NASIONAL

Sembako dan Pendidikan Mau Dipajaki, Bukhori: Kehilangan Akal Konstitusi

Jakarta (SI Online) – Pemerintah berencana memperluas objek pajak yang akan dikenakan pajak pertambahan nilai (PPN) demi mengerek kas negara. Rencana ini tertuang dalam perubahan kelima atas Undang-Undang tentang Ketentuan Umum dan Tata Cara Perpajakan (KUP).

Salah satu yang menjadi sorotan sehingga menimbulkan polemik adalah ketentuan dalam draf RUU Revisi UU KUP yang tidak lagi mengecualikan jasa pendidikan dan sembako sebagai objek pajak yang dikenakan PPN.

Anggota Komisi VIII DPR RI Bukhori Yusuf menyebut rencana pemerintah untuk mengenakan pajak bagi sembako dan jasa pendidikan sebagai tindakan yang sudah kehilangan akal konstitusi.

“Ini akan menjadi tikaman dari belakang terhadap rakyat bila wacana ini benar-benar terealisasi. Apalagi sebelumnya, Menteri Keuangan seolah sembunyi-sembunyi dalam merencanakan ini sampai akhirnya dokumen RUU itu bocor di tengah publik. Rakyat sudah susah, jangan bebani dengan pajak,” ungkapnya.

Anggota Komisi Sosial ini menegaskan kepada pemerintah supaya kembali berpedoman pada amanat konstitusi, yakni untuk melindungi segenap bangsa Indonesia dan seluruh tumpah darah Indonesia serta untuk memajukan kesejahteraan umum. Amanat konstitusi meminta pemerintah untuk menghadirkan kesejahteraan dan keadilan, bukan kesengsaraan bagi masyarakat yang tengah berjuang bertahan hidup di masa pandemi.

Baca juga: Sri Mulyani: Kita Tidak Pungut PPN Sembako, tapi…..

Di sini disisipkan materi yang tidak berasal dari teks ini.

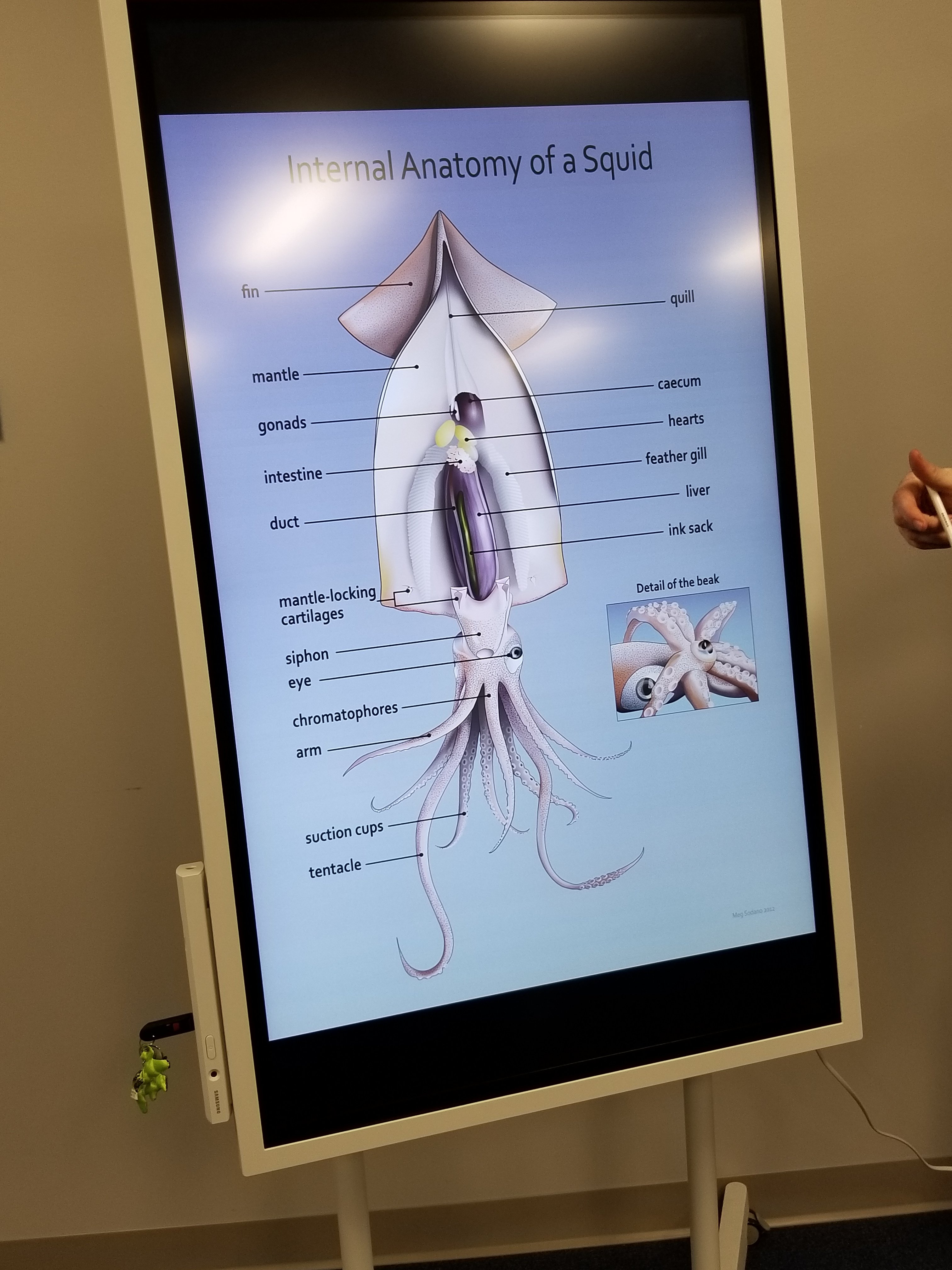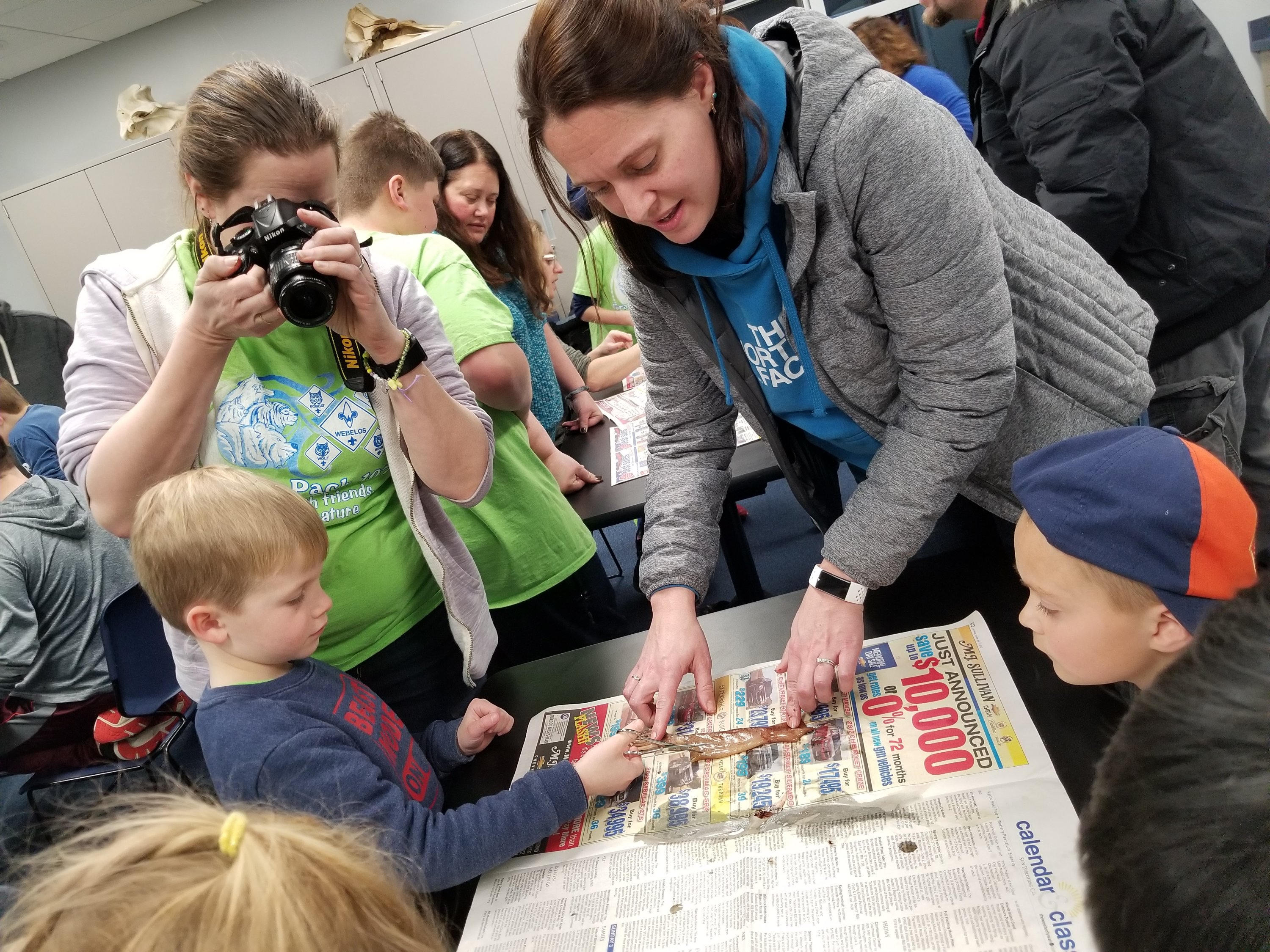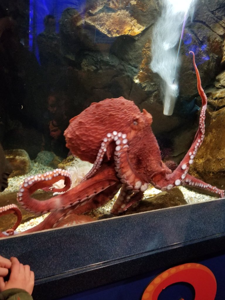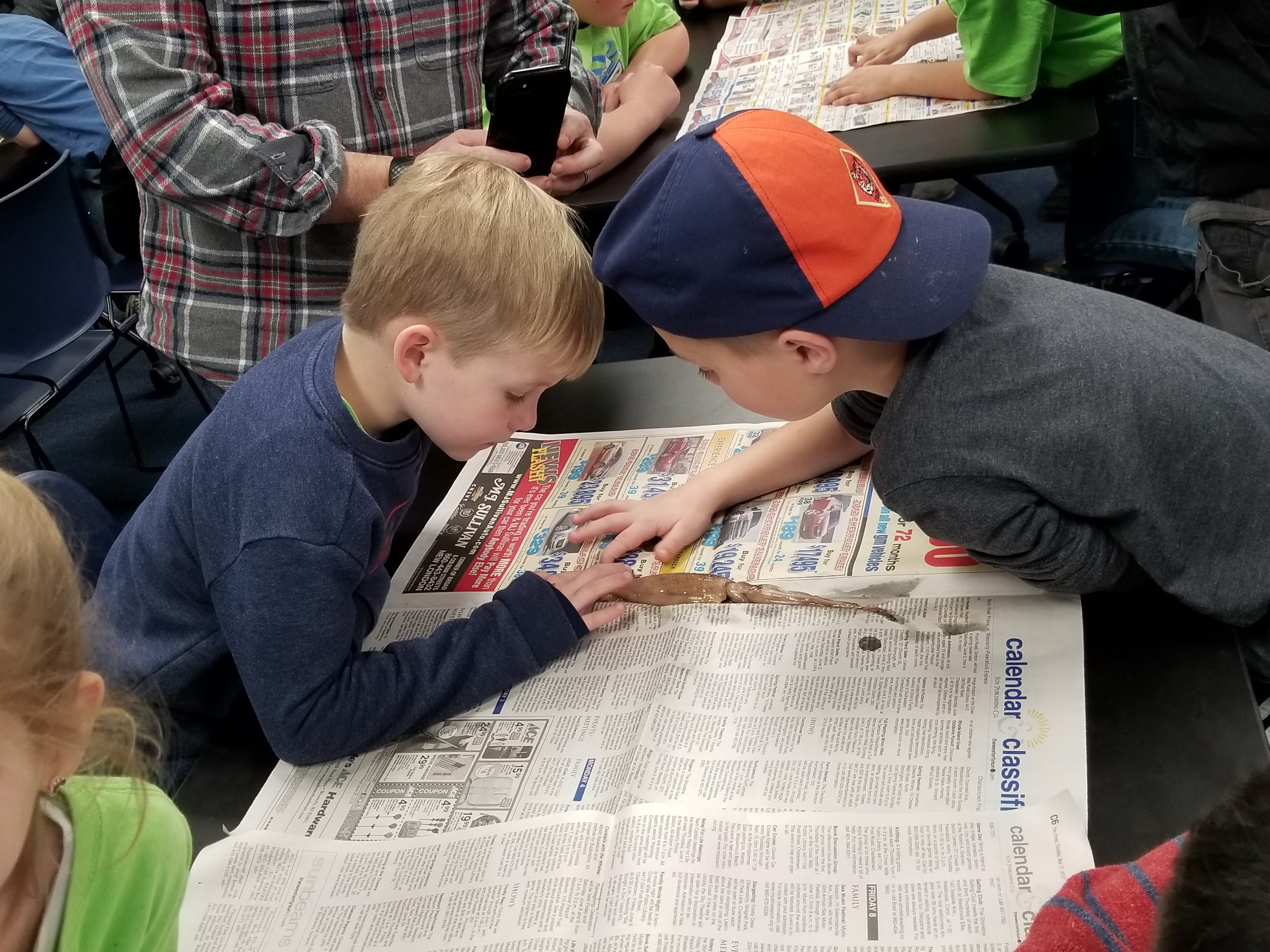 The most memorable and exciting part of the overnight experience was the class that talked about mollusks, and why a squid is considered a mollusk. Mollusks are invertebrates that have a soft body and a hard exoskeleton. The cub scouts were grouped in buddy pairs and they got to be marine biologists performing squid dissections. They learned the inner and out anatomy of the squid, which has a hard cartilage beak and a clear sliver of cartilage called the cuttle that is found inside the body of the squid. This is why a squid is classified as a mollusk.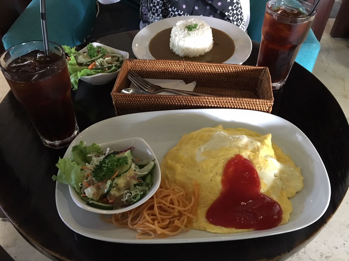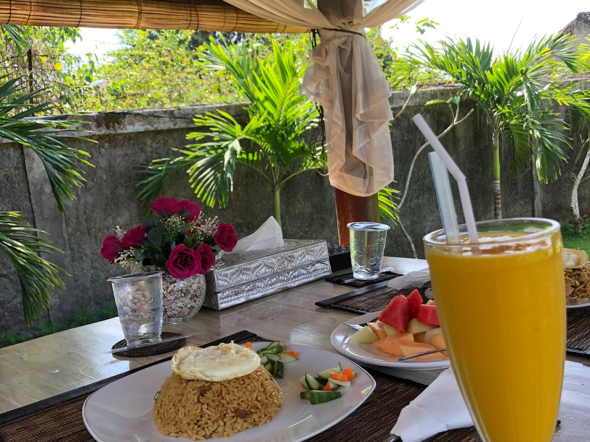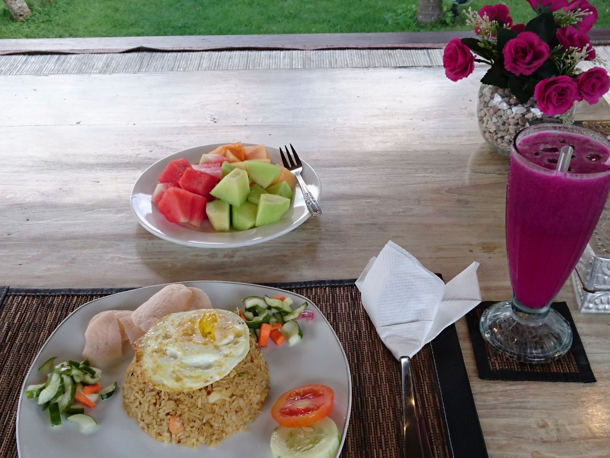 食事つきだったので、ナシゴレン、ドラゴンフルーツジュース、盛りだくさんの果物もおいしくいただきました。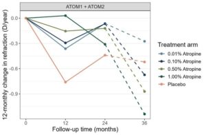 Figure 1: Mean rates of change in refractive error in D/year across treatment arms of the ATOM1 and ATOM2 studies during the treatment phase (solid lines, baseline to 24 months) and after ceasing treatment (dashed lines, 24 to 36 months). Note, rates of change must be faster (more negative) than the placebo group to indicate rebound progression.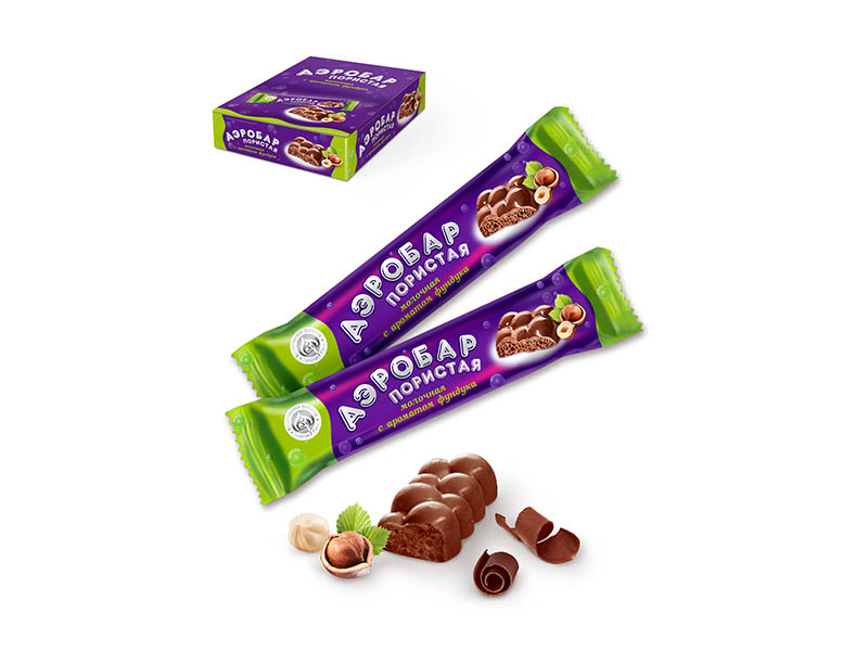 Кондитерская плитка пористая, Аэробар молочный с фундуком, Золотая Русь, 28 г х 18 шт.

Di sisi lain, politisi PKS ini juga melihat adanya bentuk ketidakadilan kebijakan sehingga mempertajam kecemburuan sosial di tengah masyarakat. Misalnya, Bukhori menyandingkan wacana PPN bagi sembako dan sekolah dengan pemberian stimulus konsumsi kelas menengah oleh pemerintah berupa relaksasi pajak penjualan barang mewah (PPnBM) sektor otomotif. Sehingga, diskon pajak bisa mencapai 100% atau PPnBM mulai 0% untuk pembelian mobil baru.

“Kelompok menengah ke atas berduyun-duyun membeli mobil baru sementara orang miskin justru akan dibebani dengan pajak. Ini akan memecah belah masyarakat akibat dimensi ekonomi dan sosial mereka dipengaruhi oleh model kebijakan yang timpang,” imbuhnya.

Lebih lanjut, anggota Badan Legislasi ini mencemaskan apabila bahan sembako dikenakan PPN akan berimbas pada peningkatan harga jual barang. Kenaikan ini, lanjutnya, akan menekan daya beli masyarakat sehingga berdampak pada pengurangan belanjanya.

Akibatnya, pemulihan ekonomi akan terhambat karena daya beli masyarakat yang turun. Kendati demikian, kekhawatiran ini sesungguhnya tidak akan terjadi apabila diimbangi juga dengan perluasan dan peningkatan bantuan sosial dari segi nominal dan jumlah penerima manfaat secara memadai.

“Badan Pusat Statistik (BPS) mencatat penduduk miskin pada September 2020 mencapai 27,55 juta jiwa atau meningkat 2,76 juta dibandingkan dengan tahun sebelumnya. Dengan demikian, dampak sosial yang tidak bisa dihindarkan apabila wacana ini direalisasikan adalah terjadinya ledakan kemiskinan. Sebab, bahan makanan menyumbang 73,8% dari total komponen garis kemiskinan,” jelasnya.

Terkait wacana pungutan pajak untuk jasa pendidikan, dosen sekaligus politisi ini meminta pemerintah untuk tidak memaknai sektor pelayanan publik di bidang pendidikan sebagai komoditas untuk menambah kas negara. Sebab itu, ia mengimbau pemerintah untuk mengambil cara lain yang lebih bermaslahat, misalnya pengenaan pajak tinggi bagi perusahaan yang mengeksploitasi SDA Indonesia.